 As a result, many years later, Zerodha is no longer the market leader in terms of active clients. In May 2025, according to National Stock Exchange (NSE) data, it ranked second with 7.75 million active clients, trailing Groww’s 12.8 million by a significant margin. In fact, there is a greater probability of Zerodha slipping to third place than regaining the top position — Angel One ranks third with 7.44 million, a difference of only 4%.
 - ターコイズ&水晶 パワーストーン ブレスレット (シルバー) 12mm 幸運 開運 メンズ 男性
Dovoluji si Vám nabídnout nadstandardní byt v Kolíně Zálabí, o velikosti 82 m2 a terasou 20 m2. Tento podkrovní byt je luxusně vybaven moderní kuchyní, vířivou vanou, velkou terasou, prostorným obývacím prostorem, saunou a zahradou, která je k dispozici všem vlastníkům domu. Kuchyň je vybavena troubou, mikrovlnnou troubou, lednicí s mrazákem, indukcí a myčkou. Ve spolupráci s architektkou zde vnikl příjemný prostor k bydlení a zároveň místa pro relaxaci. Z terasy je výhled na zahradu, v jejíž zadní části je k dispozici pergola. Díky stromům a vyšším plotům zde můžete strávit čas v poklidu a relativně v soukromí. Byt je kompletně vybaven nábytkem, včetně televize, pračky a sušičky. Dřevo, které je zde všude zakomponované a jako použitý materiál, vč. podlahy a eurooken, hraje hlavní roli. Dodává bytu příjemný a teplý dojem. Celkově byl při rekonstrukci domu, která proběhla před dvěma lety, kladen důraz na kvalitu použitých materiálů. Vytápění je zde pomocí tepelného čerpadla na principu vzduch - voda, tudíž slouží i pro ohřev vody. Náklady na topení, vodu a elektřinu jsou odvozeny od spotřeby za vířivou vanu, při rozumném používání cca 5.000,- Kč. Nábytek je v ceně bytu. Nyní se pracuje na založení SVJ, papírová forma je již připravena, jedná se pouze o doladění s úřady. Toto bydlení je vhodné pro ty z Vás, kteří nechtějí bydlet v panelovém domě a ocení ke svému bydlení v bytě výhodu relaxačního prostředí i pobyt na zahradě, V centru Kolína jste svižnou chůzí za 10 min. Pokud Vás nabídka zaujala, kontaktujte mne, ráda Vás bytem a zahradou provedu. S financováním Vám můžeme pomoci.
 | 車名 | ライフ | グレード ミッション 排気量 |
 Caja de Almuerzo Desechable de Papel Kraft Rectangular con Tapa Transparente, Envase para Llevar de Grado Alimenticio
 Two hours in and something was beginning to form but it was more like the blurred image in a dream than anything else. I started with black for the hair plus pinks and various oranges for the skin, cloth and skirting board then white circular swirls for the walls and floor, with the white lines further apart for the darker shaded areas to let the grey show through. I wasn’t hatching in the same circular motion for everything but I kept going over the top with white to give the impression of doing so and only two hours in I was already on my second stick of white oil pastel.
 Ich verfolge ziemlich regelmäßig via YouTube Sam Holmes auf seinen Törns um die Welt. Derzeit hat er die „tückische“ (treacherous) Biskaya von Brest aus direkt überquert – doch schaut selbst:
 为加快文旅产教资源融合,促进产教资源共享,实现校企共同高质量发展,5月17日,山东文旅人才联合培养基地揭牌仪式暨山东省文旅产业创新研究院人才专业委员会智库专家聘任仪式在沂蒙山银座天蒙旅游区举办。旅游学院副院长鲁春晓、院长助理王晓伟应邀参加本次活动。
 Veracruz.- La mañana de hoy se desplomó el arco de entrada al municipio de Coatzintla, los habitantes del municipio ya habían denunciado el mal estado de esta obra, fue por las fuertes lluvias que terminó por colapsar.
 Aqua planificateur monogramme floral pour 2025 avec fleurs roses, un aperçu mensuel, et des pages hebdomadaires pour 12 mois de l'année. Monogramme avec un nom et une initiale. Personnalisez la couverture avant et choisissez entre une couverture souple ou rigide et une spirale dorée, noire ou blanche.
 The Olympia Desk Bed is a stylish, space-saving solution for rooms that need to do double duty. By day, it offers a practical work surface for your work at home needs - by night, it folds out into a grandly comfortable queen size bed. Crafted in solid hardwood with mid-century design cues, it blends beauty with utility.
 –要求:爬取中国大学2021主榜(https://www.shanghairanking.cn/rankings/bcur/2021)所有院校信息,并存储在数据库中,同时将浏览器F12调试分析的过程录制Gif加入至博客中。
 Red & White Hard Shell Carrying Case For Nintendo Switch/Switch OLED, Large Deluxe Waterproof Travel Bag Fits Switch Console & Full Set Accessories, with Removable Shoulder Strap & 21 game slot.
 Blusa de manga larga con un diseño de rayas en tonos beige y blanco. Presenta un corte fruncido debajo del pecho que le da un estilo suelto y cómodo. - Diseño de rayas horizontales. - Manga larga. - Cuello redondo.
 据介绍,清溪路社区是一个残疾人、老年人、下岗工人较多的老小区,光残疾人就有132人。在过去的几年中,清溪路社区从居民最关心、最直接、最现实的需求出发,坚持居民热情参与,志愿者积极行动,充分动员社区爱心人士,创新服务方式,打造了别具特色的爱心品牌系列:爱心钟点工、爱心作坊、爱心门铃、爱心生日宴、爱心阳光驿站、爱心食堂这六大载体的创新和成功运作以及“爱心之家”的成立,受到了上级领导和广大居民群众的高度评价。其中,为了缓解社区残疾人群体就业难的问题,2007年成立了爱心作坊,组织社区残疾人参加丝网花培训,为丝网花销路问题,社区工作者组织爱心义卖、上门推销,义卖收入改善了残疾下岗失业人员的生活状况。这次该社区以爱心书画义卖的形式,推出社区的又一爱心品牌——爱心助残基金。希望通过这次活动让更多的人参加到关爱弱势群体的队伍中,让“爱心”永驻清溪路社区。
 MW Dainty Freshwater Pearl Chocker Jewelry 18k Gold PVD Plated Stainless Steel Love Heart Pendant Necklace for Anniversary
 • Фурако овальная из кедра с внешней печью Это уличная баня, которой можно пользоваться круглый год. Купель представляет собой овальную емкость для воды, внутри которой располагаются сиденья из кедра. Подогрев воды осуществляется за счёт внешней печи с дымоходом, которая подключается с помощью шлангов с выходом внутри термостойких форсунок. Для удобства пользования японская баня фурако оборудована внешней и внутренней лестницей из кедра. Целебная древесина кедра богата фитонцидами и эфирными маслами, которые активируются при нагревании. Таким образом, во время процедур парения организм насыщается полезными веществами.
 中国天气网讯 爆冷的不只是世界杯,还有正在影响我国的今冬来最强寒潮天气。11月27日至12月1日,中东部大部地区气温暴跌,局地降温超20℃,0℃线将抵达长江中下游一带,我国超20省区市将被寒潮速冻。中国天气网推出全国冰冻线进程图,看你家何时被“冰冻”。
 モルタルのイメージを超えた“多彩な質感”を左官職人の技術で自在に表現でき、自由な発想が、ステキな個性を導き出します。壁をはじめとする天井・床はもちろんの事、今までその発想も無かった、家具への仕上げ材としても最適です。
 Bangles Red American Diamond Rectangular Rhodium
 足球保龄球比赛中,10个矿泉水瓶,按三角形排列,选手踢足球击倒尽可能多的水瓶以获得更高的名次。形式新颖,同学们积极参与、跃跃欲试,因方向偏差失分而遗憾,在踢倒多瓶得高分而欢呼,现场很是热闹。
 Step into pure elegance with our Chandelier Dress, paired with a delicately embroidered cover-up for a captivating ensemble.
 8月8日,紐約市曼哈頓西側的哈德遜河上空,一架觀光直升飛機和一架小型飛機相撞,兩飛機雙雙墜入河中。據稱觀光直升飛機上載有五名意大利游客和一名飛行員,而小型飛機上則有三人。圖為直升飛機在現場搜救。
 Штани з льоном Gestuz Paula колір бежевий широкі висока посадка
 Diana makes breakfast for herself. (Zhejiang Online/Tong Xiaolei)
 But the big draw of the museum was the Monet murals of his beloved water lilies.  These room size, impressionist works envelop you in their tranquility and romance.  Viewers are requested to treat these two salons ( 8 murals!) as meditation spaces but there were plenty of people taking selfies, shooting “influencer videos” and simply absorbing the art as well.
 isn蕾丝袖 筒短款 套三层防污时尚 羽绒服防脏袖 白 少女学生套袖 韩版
◇ ◇ ◇ ◇
**Exercise objective**. What lines in the listing above contain the word "Rectangular"? Show each one.

**Answer**.
 Caja de Almuerzo Desechable de Papel Kraft Rectangular con Tapa Transparente, Envase para Llevar de Grado Alimenticio
 Bangles Red American Diamond Rectangular Rhodium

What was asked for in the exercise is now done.